Stored data entries:
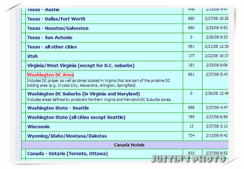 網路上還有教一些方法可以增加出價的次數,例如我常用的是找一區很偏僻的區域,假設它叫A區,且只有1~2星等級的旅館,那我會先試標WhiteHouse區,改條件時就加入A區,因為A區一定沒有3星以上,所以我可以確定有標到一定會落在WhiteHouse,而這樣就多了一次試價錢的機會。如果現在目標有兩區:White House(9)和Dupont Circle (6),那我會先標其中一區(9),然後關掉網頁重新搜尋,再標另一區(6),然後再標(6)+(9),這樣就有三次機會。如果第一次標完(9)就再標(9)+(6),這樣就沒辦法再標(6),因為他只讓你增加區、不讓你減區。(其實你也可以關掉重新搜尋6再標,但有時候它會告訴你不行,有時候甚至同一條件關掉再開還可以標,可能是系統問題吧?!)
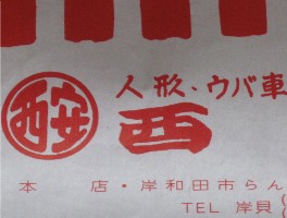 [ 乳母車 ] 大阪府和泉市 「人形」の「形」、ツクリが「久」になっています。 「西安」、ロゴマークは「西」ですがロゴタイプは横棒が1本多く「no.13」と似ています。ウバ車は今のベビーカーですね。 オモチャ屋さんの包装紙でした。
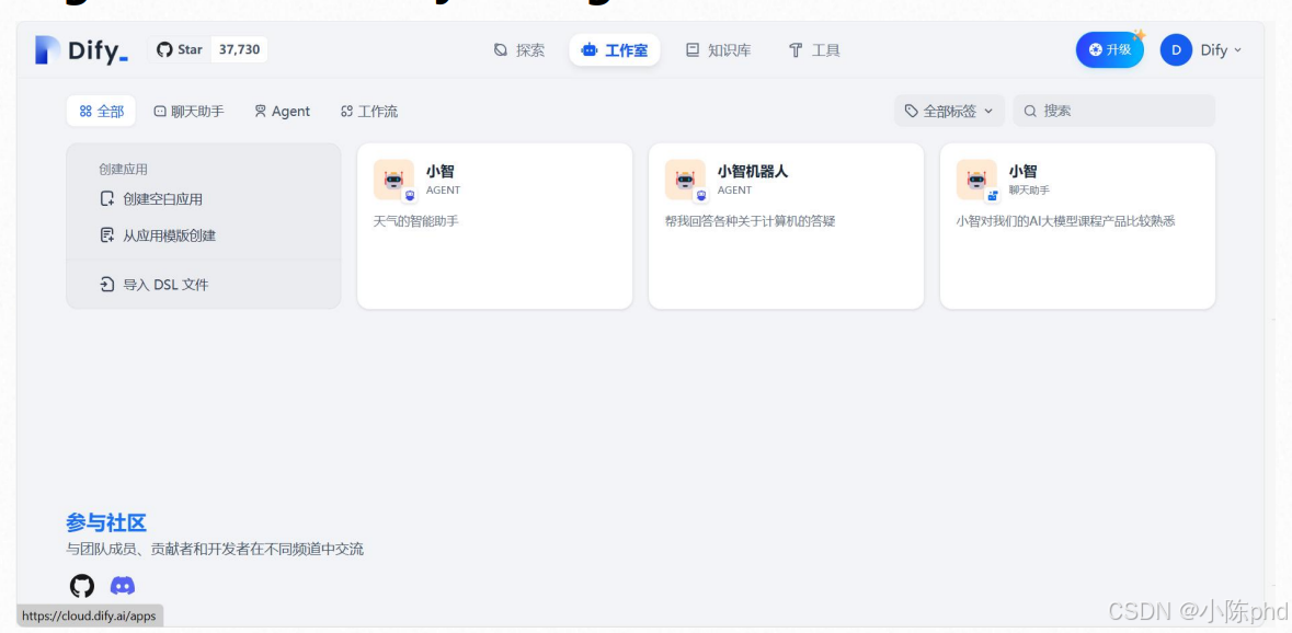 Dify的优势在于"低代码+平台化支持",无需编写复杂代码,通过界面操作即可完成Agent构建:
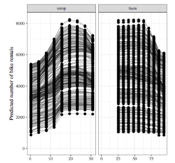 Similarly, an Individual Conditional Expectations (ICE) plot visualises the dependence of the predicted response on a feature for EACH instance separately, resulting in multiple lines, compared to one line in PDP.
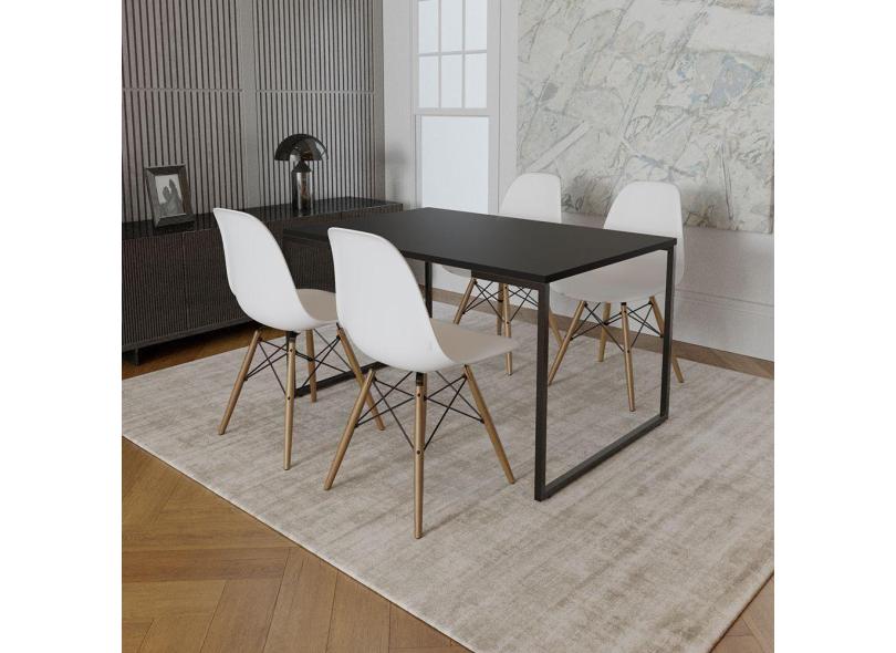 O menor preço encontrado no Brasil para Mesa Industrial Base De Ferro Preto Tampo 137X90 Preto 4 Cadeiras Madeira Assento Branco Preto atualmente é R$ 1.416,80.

WHAT IS NEEDED
Pictures aside, repeat every entry exactly as written.

REPLY
 網路上還有教一些方法可以增加出價的次數,例如我常用的是找一區很偏僻的區域,假設它叫A區,且只有1~2星等級的旅館,那我會先試標WhiteHouse區,改條件時就加入A區,因為A區一定沒有3星以上,所以我可以確定有標到一定會落在WhiteHouse,而這樣就多了一次試價錢的機會。如果現在目標有兩區:White House(9)和Dupont Circle (6),那我會先標其中一區(9),然後關掉網頁重新搜尋,再標另一區(6),然後再標(6)+(9),這樣就有三次機會。如果第一次標完(9)就再標(9)+(6),這樣就沒辦法再標(6),因為他只讓你增加區、不讓你減區。(其實你也可以關掉重新搜尋6再標,但有時候它會告訴你不行,有時候甚至同一條件關掉再開還可以標,可能是系統問題吧?!)
 [ 乳母車 ] 大阪府和泉市 「人形」の「形」、ツクリが「久」になっています。 「西安」、ロゴマークは「西」ですがロゴタイプは横棒が1本多く「no.13」と似ています。ウバ車は今のベビーカーですね。 オモチャ屋さんの包装紙でした。
 Dify的优势在于"低代码+平台化支持",无需编写复杂代码,通过界面操作即可完成Agent构建:
 Similarly, an Individual Conditional Expectations (ICE) plot visualises the dependence of the predicted response on a feature for EACH instance separately, resulting in multiple lines, compared to one line in PDP.
 O menor preço encontrado no Brasil para Mesa Industrial Base De Ferro Preto Tampo 137X90 Preto 4 Cadeiras Madeira Assento Branco Preto atualmente é R$ 1.416,80.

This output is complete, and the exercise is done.